As shooting is a very static and repetitive sport, the athletes need something active and fun to create a balance in their bodies and minds. Why not use the summer to spend time outside and take an active rest! Start your day with a light jog or go on a cycling tour. Don’t just jump in the sea or the swimming pool just to cool off when it gets too hot while sunbathing. Use it to stretch and strengthen your whole body by swimming a few lengths back and forth. 

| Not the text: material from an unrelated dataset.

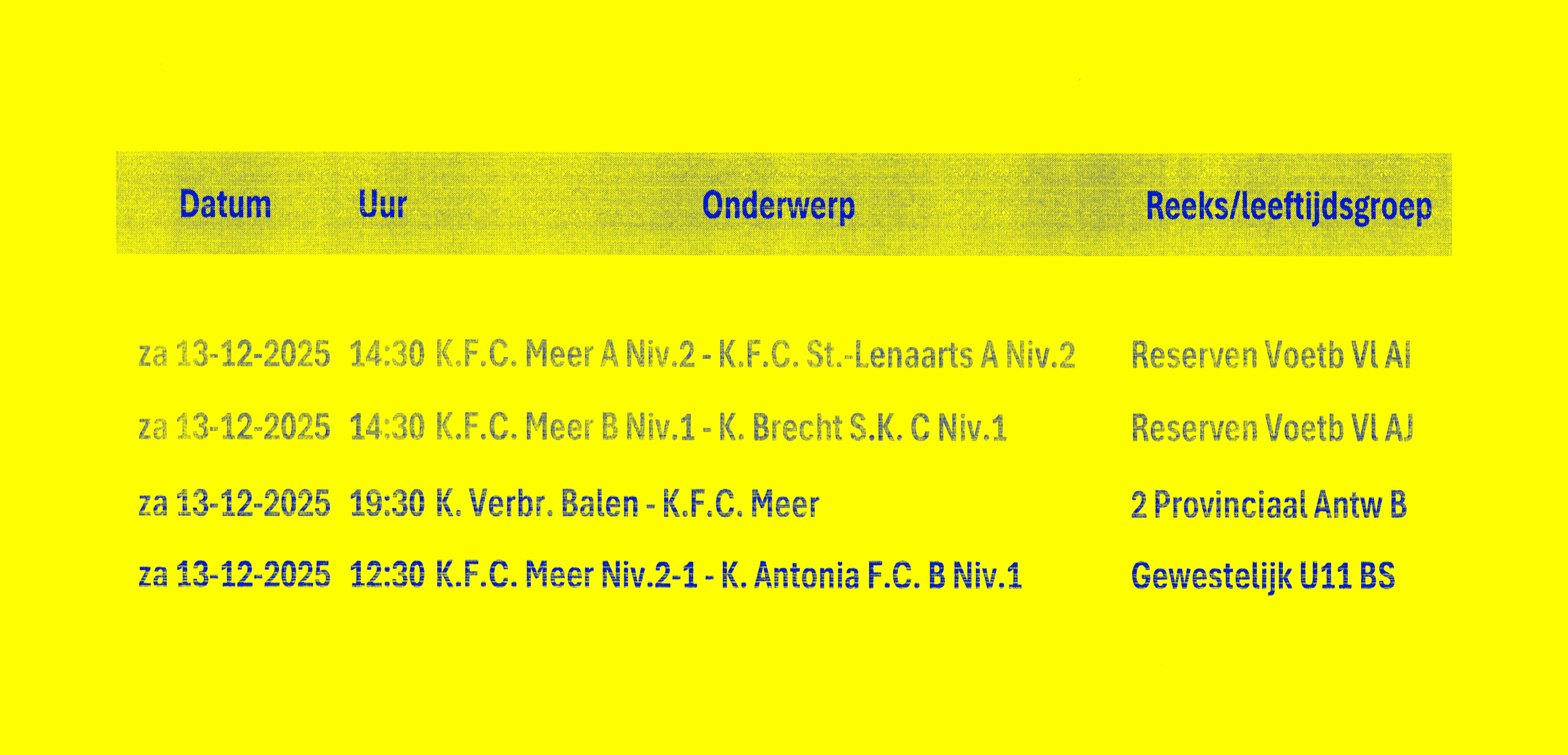 Voor vandaag, zaterdag 1 november zijn alle thuiswedstrijden van onze jeugd en reserven ploegen afgelast vanwege de overvloedige regenval van deze voormiddag.

A female hiker on a mountain top looking in the distance

Since shooting is not dependent on any specific cardiovascular activity, make it your primary goal to find something you will enjoy doing – you don’t even need to stick to one choice. Keeping it exciting and having fun will help relieve stress and silence that “monkey” that keeps jumping around in our heads. After choosing such a sport, find an appropriate intensity for your heart rate. The “appropriate intensity” is a certain percentage of your maximum heart rate (MHR). This percentage depends on the season period you’re in. To calculate your MHR, simply subtract your age from 220.

MHR = 220 – YOUR AGE

There are many examples of what you can do for cardiovascular training. Let’s divide them into different categories based on the intensity mode.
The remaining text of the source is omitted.